Here’s a lighter twist on an old favorite. Using cauliflower instead of rice gives this meal a ton of volume without adding a lot of calories. Another option would be to use a portion of rice plus added cauliflower to increase the total volume of the meal.
Shrimp Fried Cauliflower Rice
Makes one serving
- 1/4 to 1/2 pound shrimp, thawed and peeled
- 1 large egg, beaten
- 1/2 teaspoon toasted sesame oil
- 1 teaspoon grated ginger root
- 1 clove garlic, minced
- 2 medium scallions, chopped, bulbs separated from greens
- 1/2 to 3/4 cup frozen peas and carrots
- 1 bag cauliflower rice
- 1 tablespoon reduced-sodium soy sauce
- Salt and pepper, to taste
If you don’t have pre-made cauliflower rice, pulse chunks of cauliflower in a food processor until they are finely chopped and resemble rice.
STEP 1: COOK THE SHRIMP AND EGG
In a large nonstick skillet over medium heat, cook the shrimp for about 2 minutes on each side, or until each piece has turned pink. Remove the shrimp from heat and set aside. Spray the pan with nonstick cooking spray. Add the beaten egg to the pan and cook, stirring frequently, for about 2 minutes. Remove egg from heat and set aside with shrimp.
STEP 2: COOK THE VEGETABLES
Add the sesame oil to the pan.
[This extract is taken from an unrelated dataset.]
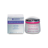 успокаивающая смягчающая маска "Скорая помощь" (проф. марка Janssen, линия "Sensetive Secrets"). Акт. компоненты: масло макадамии, цитруса, пантенол; экстракты: иглицы, центеллы, календулы, конского каштана; гидролизированные протеины дрожжей, сквалан, витамины А и Е. Маска с нежной кремовой консистенцией успокаивает, быстро снимает раздражение и покраснения, укрепляет сосуды.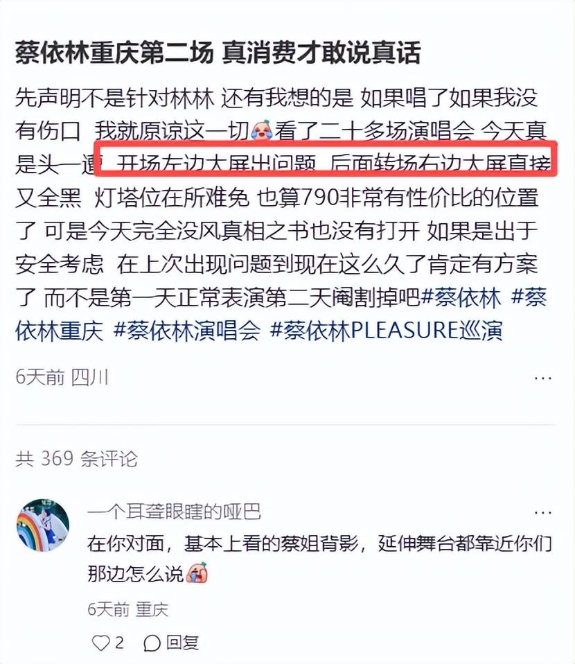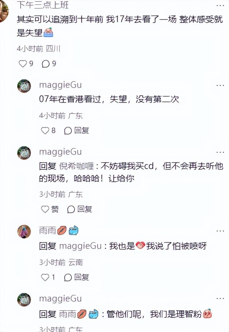 有不少歌迷出来现身说法,称他这几年的现场或多或少都有问题,舞美设计都是一个样。

Once the oil is hot, add the ginger root, garlic, white parts of the scallions and frozen peas and carrots. Cook, stirring frequently, for 3 to 5 minutes, or until tender. Add the cauliflower, soy sauce, salt and pepper to the pan and stir to combine. Let the cauliflower cook for about 5 minutes, or until softened to your liking but not mushy.
STEP 3: ASSEMBLE THE MEAL
Add the eggs and shrimp to the pan with the vegetables and stir to combine. Transfer the meal into a large bowl and enjoy.